The ruling ideology of the age assumed that, as regrettable as this might be, the laws of economics required it.

After all, how else would chimneys ever get swept?

The first bill banning the employment of children under eight from chimney sweeping passed Parliament in 1788. But, like many immigration laws in America today, it was ignored. So was the 1834 act.

Then, the greatest reformer of the Victorian Era, Anthony Ashley Cooper, the seventh Earl of Shaftesbury, began his almost endless crusade to abolish child labor inside chimneys. Like William Wilberforce, the victor over the slave trade, Shaftesbury was a Tory, an evangelical Anglican, and a relentless parliamentarian.
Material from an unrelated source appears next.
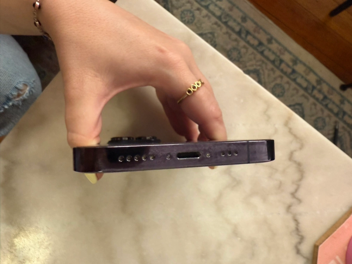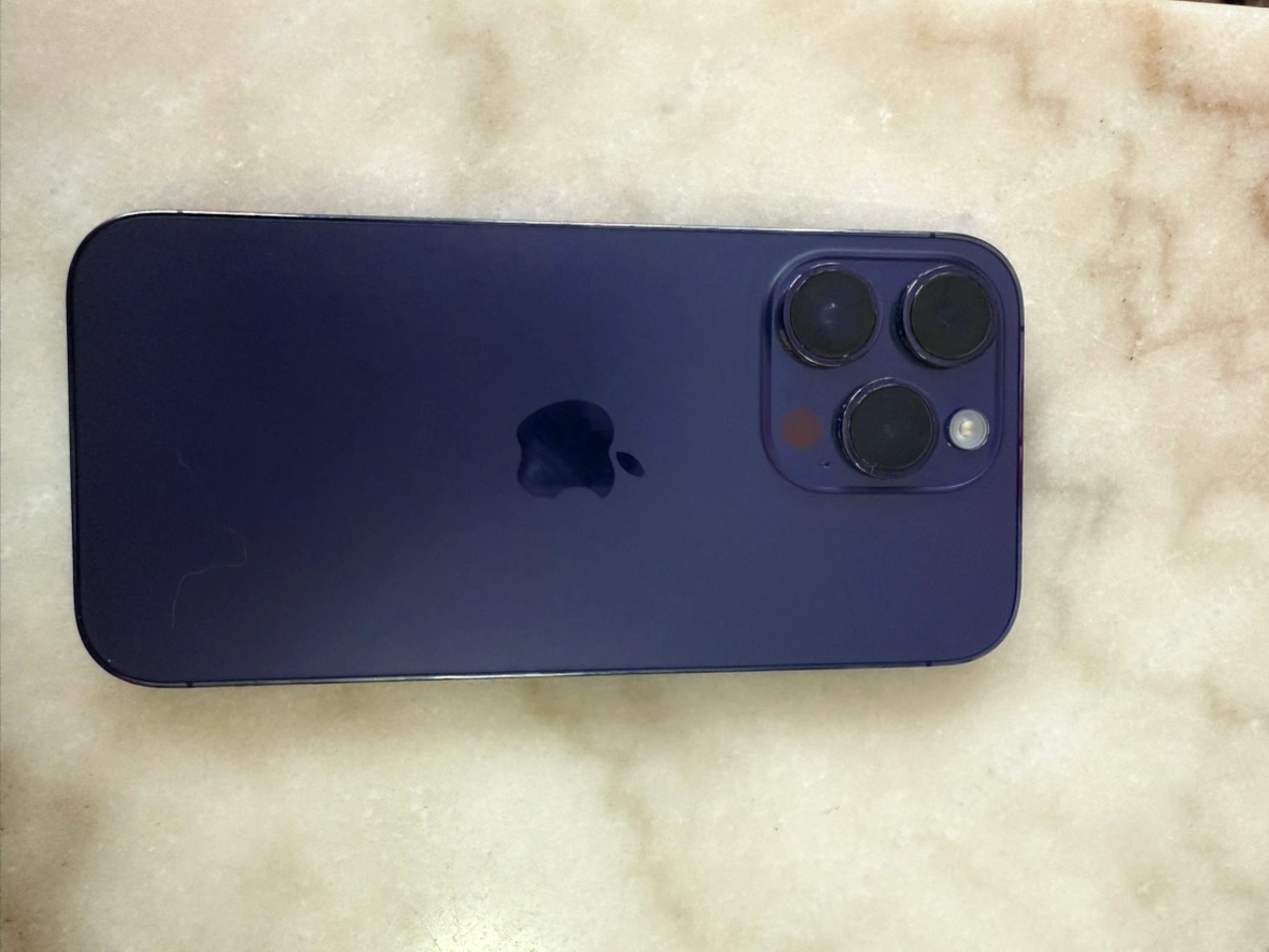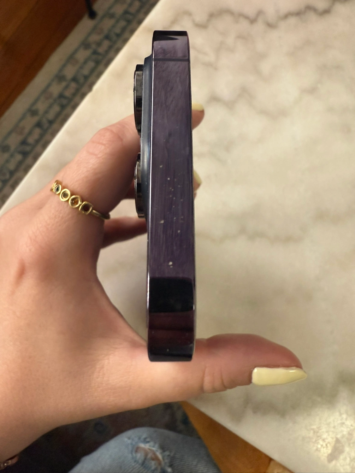 Pre-owned iPhone 14 Pro. Deep purple colour. Minor cosmetic wear, but otherwise it’s pretty pristine. Includes original box and charger. The battery is 91%. I can also throw in a Taylor Swift case if you’d like.

In 1840, Shaftesbury carried a bill to regulate child chimney sweeps over " resistance that can only be called fanatical", in Johnson's words.

It also was not enforced.

Three more of Shaftesbury's bills failed in Parliament in the 1850s. He succeeded in 1864, but the legislation proved ineffective "due to a general conspiracy of local authorities, magistrates, police, judges, juries, and the public to frustrate the law. Boys continued to die…" including a seven-year-old who suffocated in a flue in 1873.

Shaftesbury finally succeeded in passing effective legislation in 1875.
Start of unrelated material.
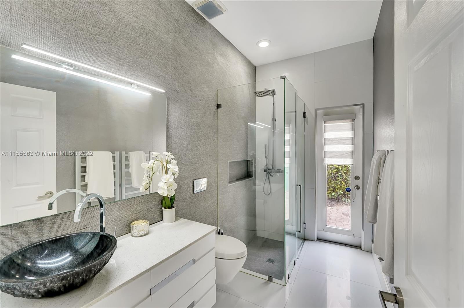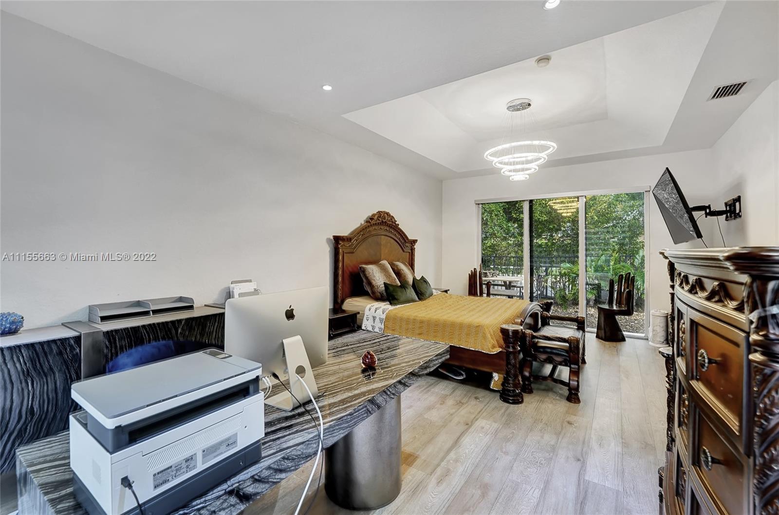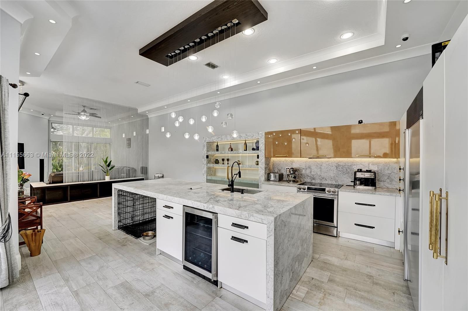 This luxuriously updated courtyard home features an open concept and decorator finishes throughout, perfectly blending natural light and modern luxury to add warmth, function and style. The primary suite is banked by sliding doors on both sides, maximizing indoor-outdoor living, and a spa style bath, complete with vessel sinks, a free standing tub and heated towel racks. The open chef's kitchen features marble countertops, custom cabinets, a Sub-Zero refrigerator and wine fridge. The 4th bedroom features barn doors and a full wall of storage -ideal as a bedroom or flex space. Porcelain wood plank floors throughout connect the split floor plan. A courtyard sits in the center of the home with a sparkling pool and private garden. Located in a prime neighborhood with resort style amenities.

And, of course, that winter everyone in Britain froze to death due to clogged chimneys.

Oh, wait … sorry, that was in Bizarro Britain, where the reigning interpretations of economics actually applied. Rather like in Senator Kennedy's Abnormal America, where nobody will be able to afford to eat chicken without the Liberal Lion's amnesty and guest worker programs.

In the real Britain, however, the master chimney sweeps quickly found other ways to clean chimneys.
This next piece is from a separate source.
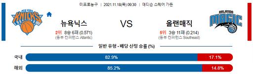 11월 18일 09:30 NBA분석 뉴욕 : 올랜도

And, equally, Americans will not starve if they are deprived a continuous influx of uneducated foreigners.

What we've learned since the early Victorian Era is that the world works in ways more responsive to intelligent effort than was imagined by Thomas Malthus:

In contrast to Dickensian England, with its Scrooge-like obsession with cheap labor, Americans traditionally enjoyed high wages because the country was underpopulated relative to its natural resources. This inspired American entrepreneurs to invest in labor-saving innovations, which, in a virtuous cycle, allowed even higher wages to be paid.

The most famous example: Henry Ford doubling his workers' salaries in 1914 after inventing the moving assembly line.

In the long run, the cheap labor obsession debilitated the English economy. After the brilliant innovations of the early Industrial Revolution, the English textile industry tended to stagnate. Paul Johnson explains:

"Factories paid higher wages than domestic industries; all the same, they were very low, chiefly because most of the factory hands were women and children. Low wages kept home consumer demand down; worse still, they removed the chief incentive to replace primitive machinery by the systematic adoption of new technology."

And then there was the long run impact on Britain's economic culture:

"State limitations of human exploitation came too late, and were too ineffective, to make the quest for productivity a virtue; the English did not discover it until the twentieth century, by which time the trade union movement had constructed powerful defenses against it."

Victorian Scroogeonomics helped engender its own nemesis. It drove the British working class far to the left of the American working class, leading to both the nationalization of major industries in the 1940s and a hatred of productivity improvements among unions, exemplified in the 1959 Peter Sellers' movie I'm All Right, Jack.